⟨
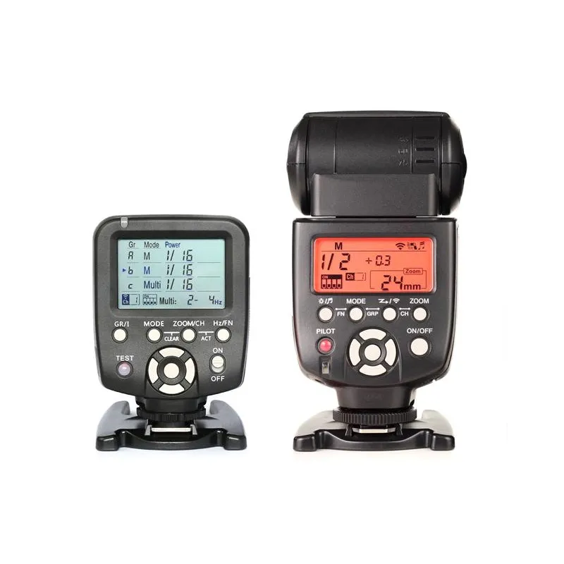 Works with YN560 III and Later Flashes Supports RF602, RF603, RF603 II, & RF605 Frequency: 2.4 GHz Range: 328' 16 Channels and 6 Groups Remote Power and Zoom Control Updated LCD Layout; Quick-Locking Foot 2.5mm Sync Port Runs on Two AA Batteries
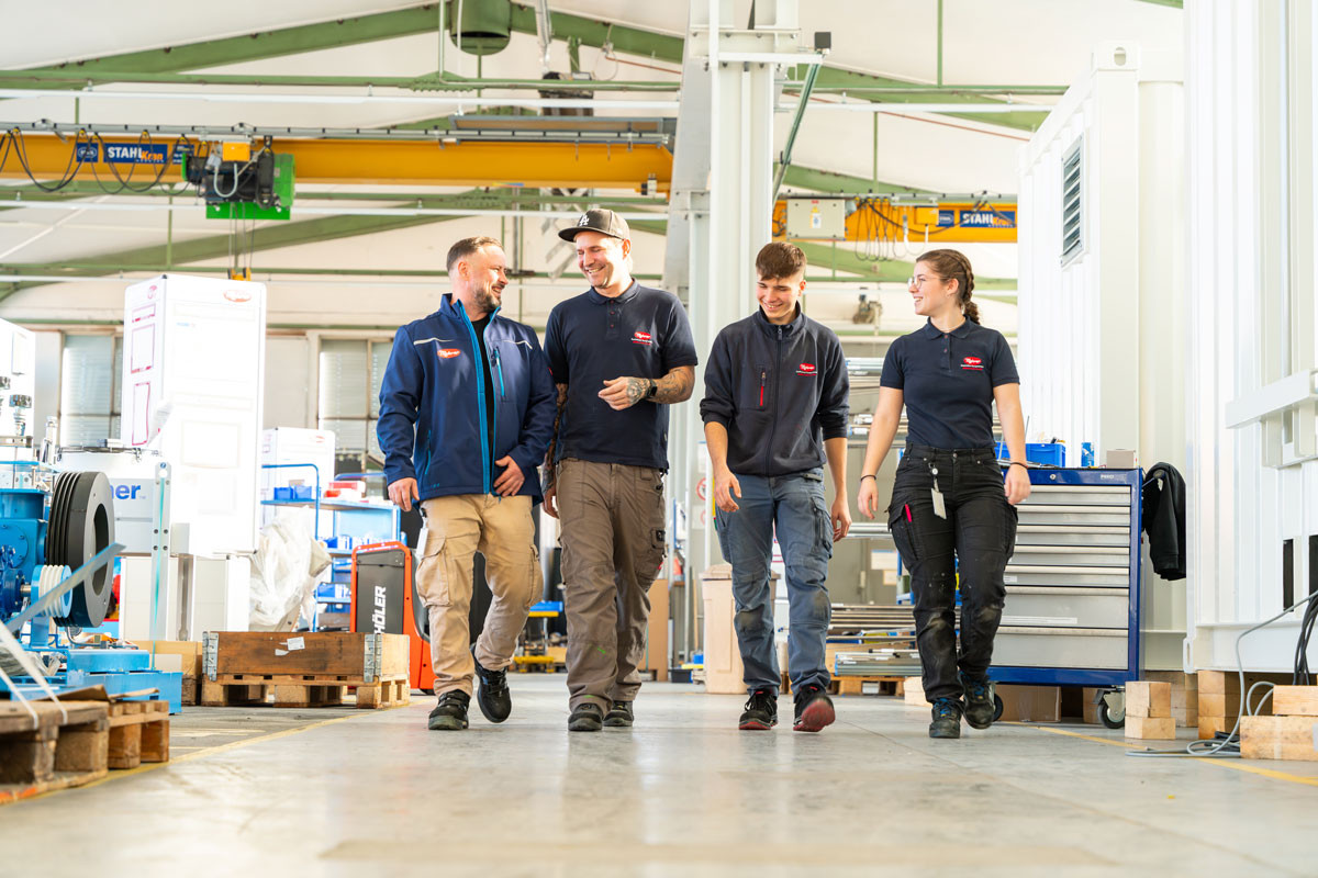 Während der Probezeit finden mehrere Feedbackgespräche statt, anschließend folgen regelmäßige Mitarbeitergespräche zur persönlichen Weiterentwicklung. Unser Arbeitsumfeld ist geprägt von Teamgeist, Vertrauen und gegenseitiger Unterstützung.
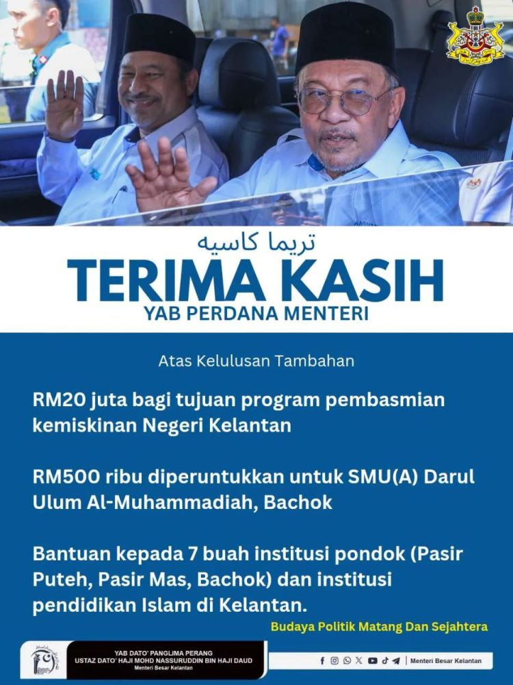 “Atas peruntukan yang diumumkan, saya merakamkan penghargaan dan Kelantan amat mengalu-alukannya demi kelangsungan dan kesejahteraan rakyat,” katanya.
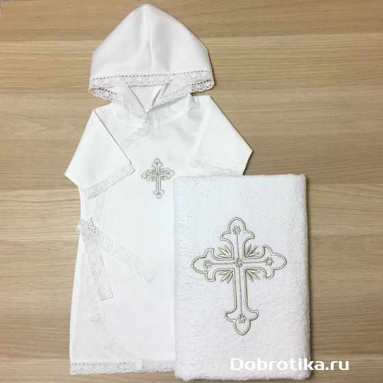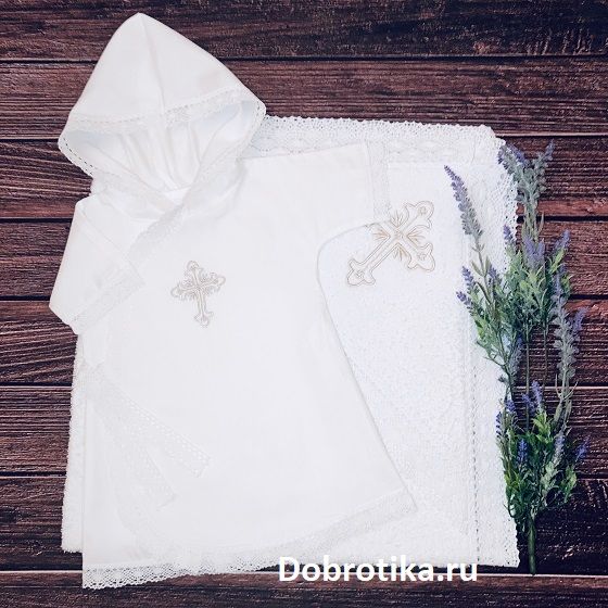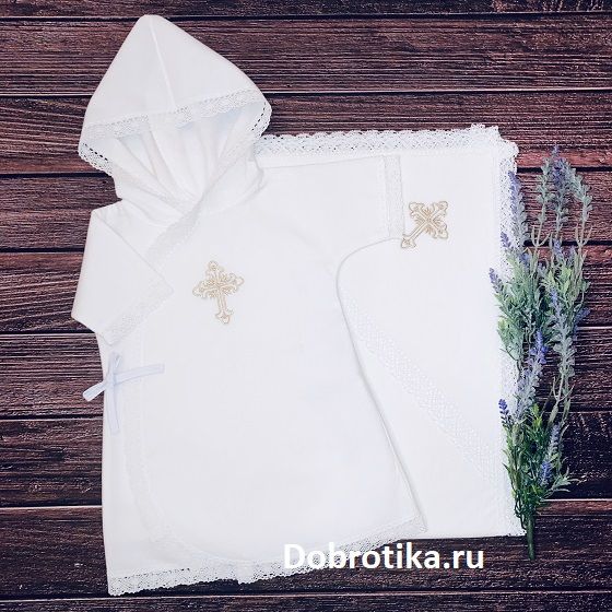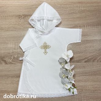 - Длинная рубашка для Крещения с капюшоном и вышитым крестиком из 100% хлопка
⟩
⟨
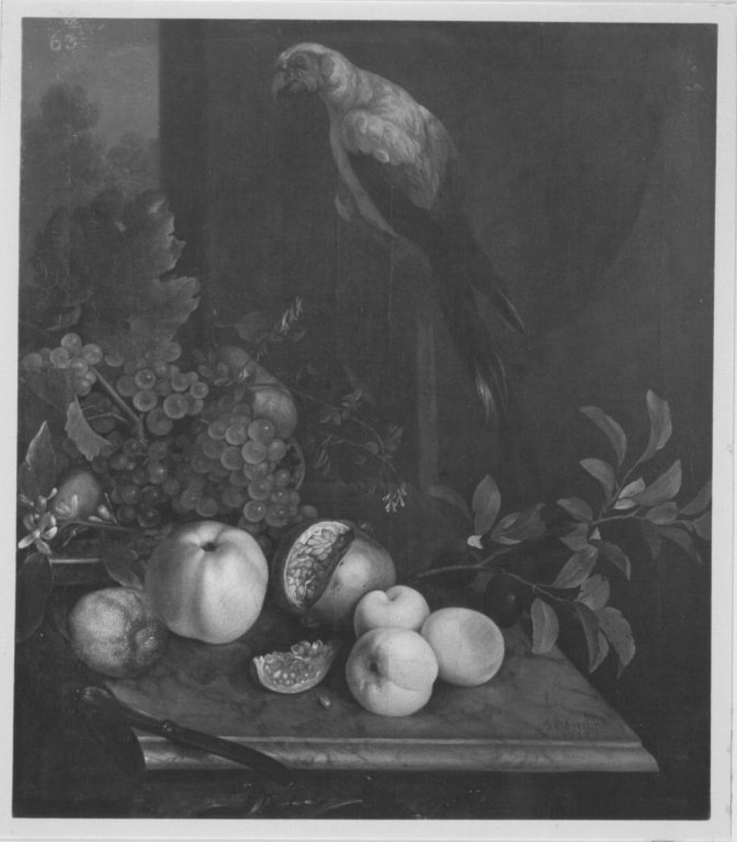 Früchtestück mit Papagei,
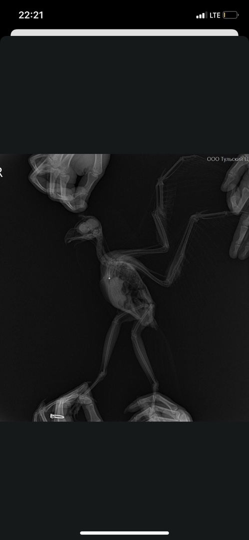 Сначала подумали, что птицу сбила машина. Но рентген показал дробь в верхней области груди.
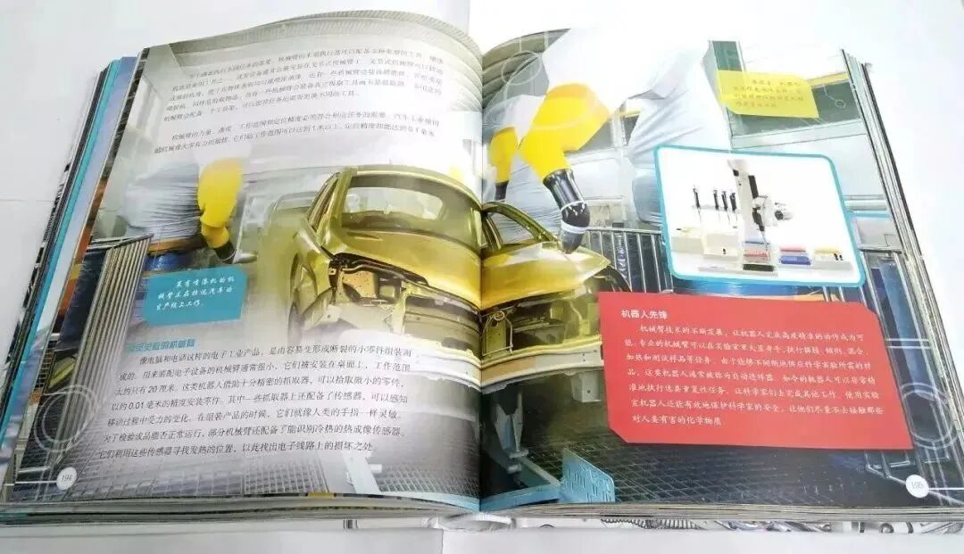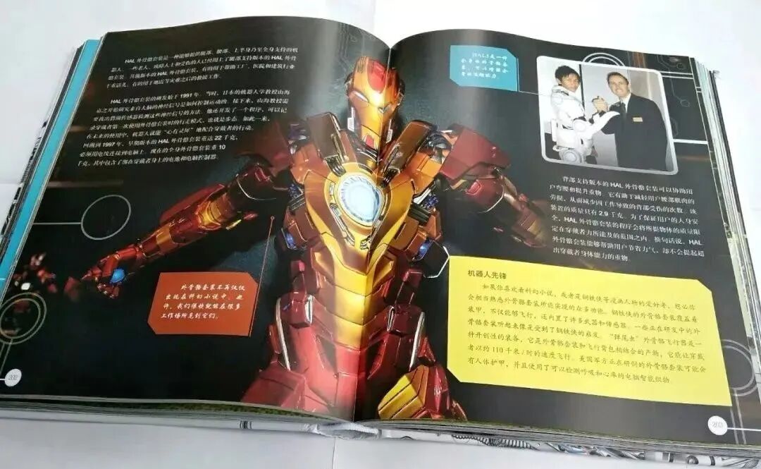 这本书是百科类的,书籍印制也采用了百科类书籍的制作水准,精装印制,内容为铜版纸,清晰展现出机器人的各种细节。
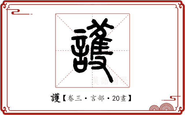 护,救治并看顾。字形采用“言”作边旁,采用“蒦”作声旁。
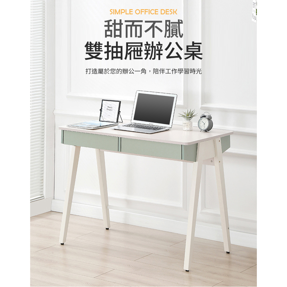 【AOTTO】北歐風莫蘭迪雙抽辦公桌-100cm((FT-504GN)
⟩
⟨
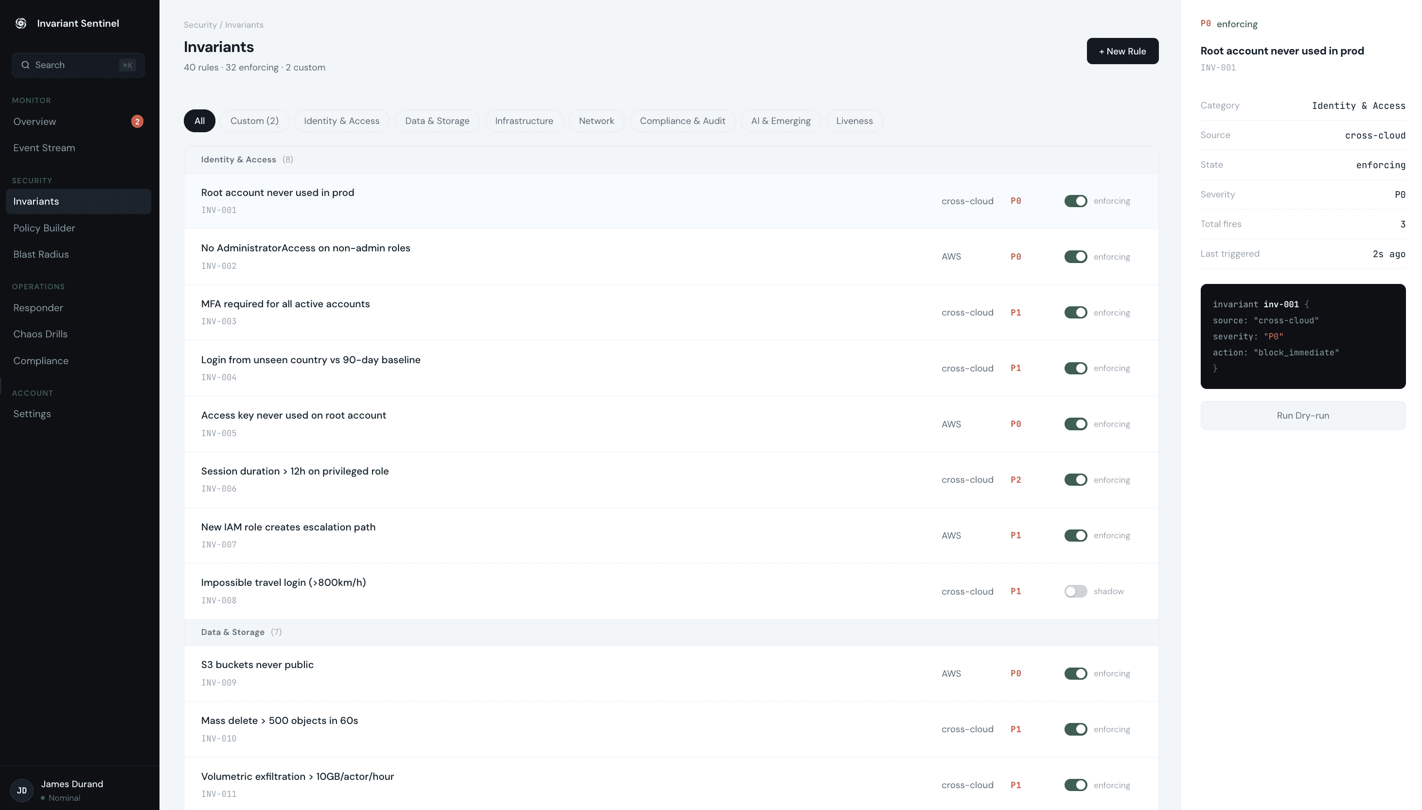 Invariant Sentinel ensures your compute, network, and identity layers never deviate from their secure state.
⟩
● TASK BRIEF: When you reach the line containing "Während der Probezeit" in the entries above, begin restating word for word, and stop once the line containing "- Длинная рубашка" has been given. Omit the pictures.

● YOUR RESPONSE:
 Während der Probezeit finden mehrere Feedbackgespräche statt, anschließend folgen regelmäßige Mitarbeitergespräche zur persönlichen Weiterentwicklung. Unser Arbeitsumfeld ist geprägt von Teamgeist, Vertrauen und gegenseitiger Unterstützung.
 “Atas peruntukan yang diumumkan, saya merakamkan penghargaan dan Kelantan amat mengalu-alukannya demi kelangsungan dan kesejahteraan rakyat,” katanya.
 - Длинная рубашка для Крещения с капюшоном и вышитым крестиком из 100% хлопка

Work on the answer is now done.